REQUIREMENT: Here the job is to repeat the listing exactly, but not the pictures in it.

COLLECTED MATERIAL:
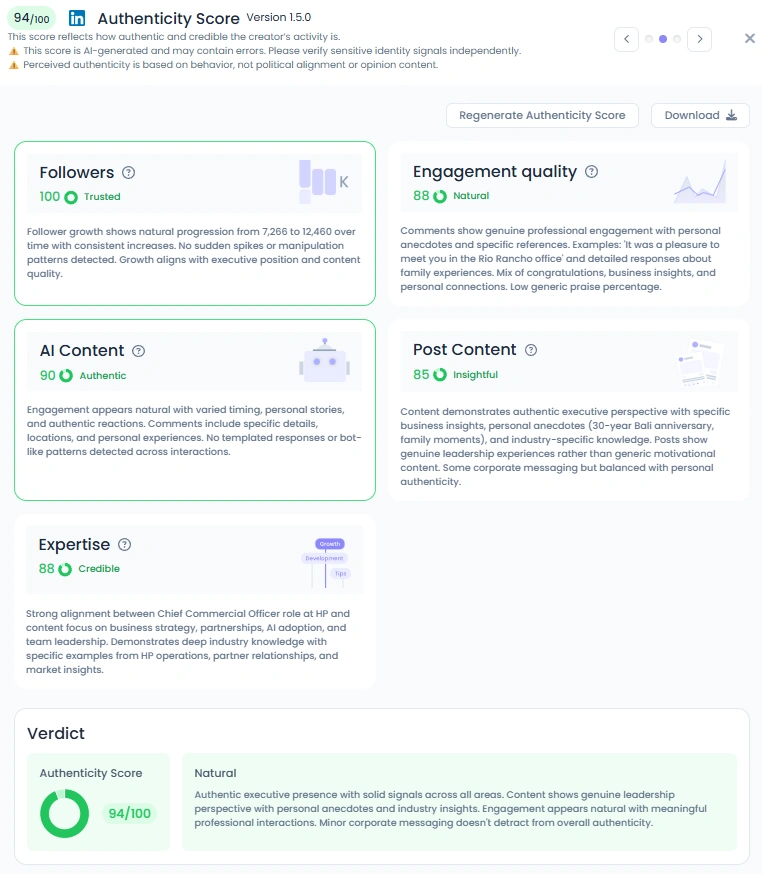 Favikon pegs his authenticity at 94/100. Engagement shows real colleagues, partners, and customers swapping stories with dates and places. Posts mix leadership moments with family notes and behind-the-scenes clips. There is corporate polish, but the person shows up first.
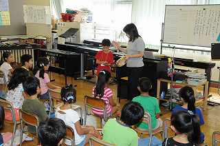 山のポルカのリズムに乗って、子どもと先生がタンブリンとカスタネットで音の掛け合いをしています。
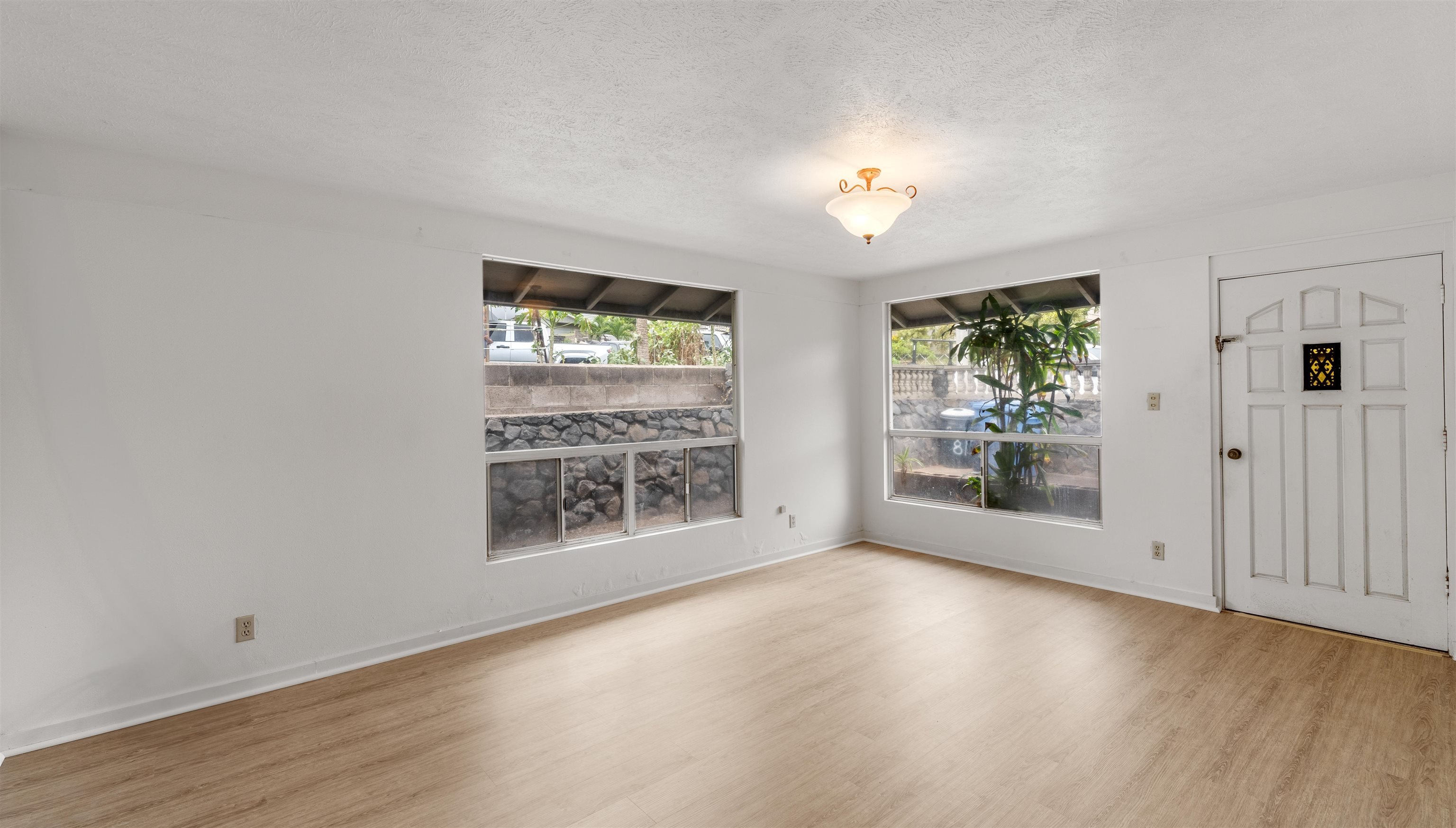 Great solid built single-story home built with split block tile and newer presidential roofing. Beautiful Blue rock wall on front and sides give it a very appealing look. Home is presently set up into 2 separate living areas but can be configured into a very large 5 bedroom home if desired. New LVP in front living area. Home is set up as a 3 bedroom 2 bath and 2 bedroom 2 bath w/carport, plenty of parking in rear of property and front. Good storage and some ocean and mountain views. Super great location to all the amenities Wailuku has to offer.

RESPONSE:
 Favikon pegs his authenticity at 94/100. Engagement shows real colleagues, partners, and customers swapping stories with dates and places. Posts mix leadership moments with family notes and behind-the-scenes clips. There is corporate polish, but the person shows up first.
 山のポルカのリズムに乗って、子どもと先生がタンブリンとカスタネットで音の掛け合いをしています。
 Great solid built single-story home built with split block tile and newer presidential roofing. Beautiful Blue rock wall on front and sides give it a very appealing look. Home is presently set up into 2 separate living areas but can be configured into a very large 5 bedroom home if desired. New LVP in front living area. Home is set up as a 3 bedroom 2 bath and 2 bedroom 2 bath w/carport, plenty of parking in rear of property and front. Good storage and some ocean and mountain views. Super great location to all the amenities Wailuku has to offer.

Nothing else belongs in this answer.